Une stratégie construite « sur le long terme », assure à l'Afp son directeur Olivier Gemin : « l'objectif était de suivre l'évolution de la demande des consommateurs (...) pour créer de la valeur ajoutée pour nos propres adhérents ».
Mais, à l'autre bout de la chaîne, Édouard Exilard ne l'entend pas ainsi. Lui, qui est installé dans le village basque de Lohitzun (Pyrénées-Atlantiques) et dont le grand-père puis le père ont été adhérents de Lur Berri, avoue ne pas comprendre « la stratégie actuelle ». « Les bénéfices sont utilisés à la prise de participation dans des SA tous azimuts, bien loin de notre coeur de métier. La coopérative délaisse nos outils de travail. Dans les années 2000, nous possédions un abattoir à Saint-Palais, proche de nos exploitations. Lur Berri l'a laissé dépérir jusqu'à le supprimer. 360 adhérents ovins, sauf un, étaient contre ».
« La base n'est plus écoutée »
« Une coopérative est faite par et pour les agriculteurs. Aujourd'hui, le système est complètement fou. Lur Berri achète et commercialise de la viande provenant de toute l'Europe, à bas prix et tire les prix vers le bas », se lamente-t-il : « la base n'est plus écoutée ». Pampi Sainte-Marie, ex-adhérent, partage son avis.

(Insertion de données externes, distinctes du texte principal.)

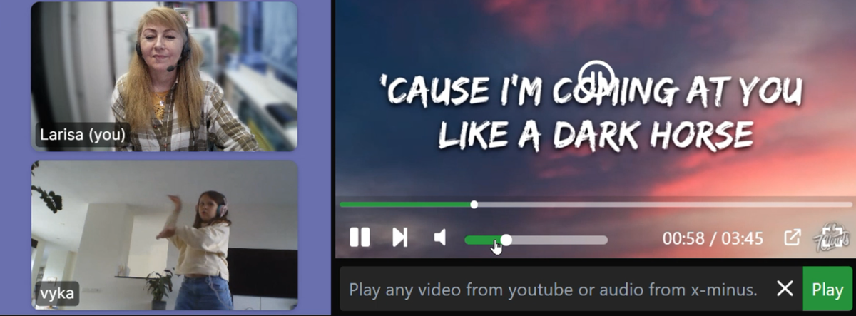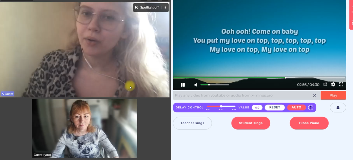 - Меняйте по желанию размер окон программы или видео плеера, например: сделайте его на весь экран при исполнении караоке с youtube.com, при этом внизу экрана автоматически появится еще одно окошко с вашим учеником, так что вы будете всегда его видеть. То же может сделать и ваш студент.
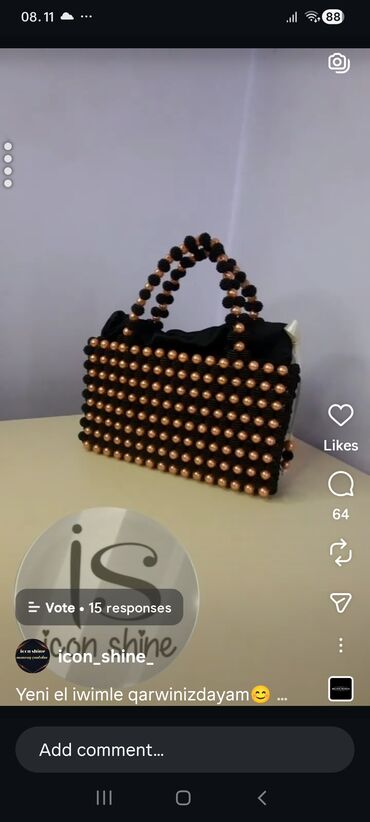 - Dizayn: Tamamilə əl ilə yığılmış muncuq naxışlı çantalar. Fərqli formalar – kvadrat, ürəkvari, dairəvi və klassik tote.

Lui a quitté la coopérative pour « une très belle filière, courte, de qualité, bien loin de la finance et des traders ». Et ensemble ils prévoient d'autres départs, nombreux.
Après le scandale sur la viande de cheval vendue par Spanghero et présentée comme du "minerai" de boeuf, « nous avons découvert ce transit incroyable et inexplicable de ce minerai (...) alors que Lur Berri avait les moyens avec notre production du sud-ouest, de proximité, de relancer Spanghero », s'insurge Dominique Etchepareborde, secrétaire du CE. « Ces opérations sont faites uniquement dans un but financier », dit-il avant de dénoncer un climat social « déplorable », « des salaires très bas et de multiples contentieux ».
Mattin Lamarque, délégué syndical Cfdt, dénonce lui le rachat de cette société en faillite en 2009, contre l'avis du CE, dans « l'opacité ». Lundi, ils étaient 70 à manifester devant le siège à l'appel du syndicat agricole basque Elb, avec une banderole : « Coopérative Lur Berri, s'entraider sans trader ». Face au scandale, le président Sauveur Urrutiager, est resté silencieux.
A l'Afp, s'exprimant pour la première fois, il assure ne pas avoir oublié « notre mission essentielle », « la fonction coopérative » : « nos bénéfices servent à mettre en place des programmes de production pour les agriculteurs, complétés par une assistance en matière de formation, et sous forme technique et financière ». Mais sur Spanghero pas un mot, ou presque : « une enquête interne et une enquête administrative sont en cours. En France nous avons une traçabilité excellente. Il faudrait qu'au niveau européen elle soit équivalente ».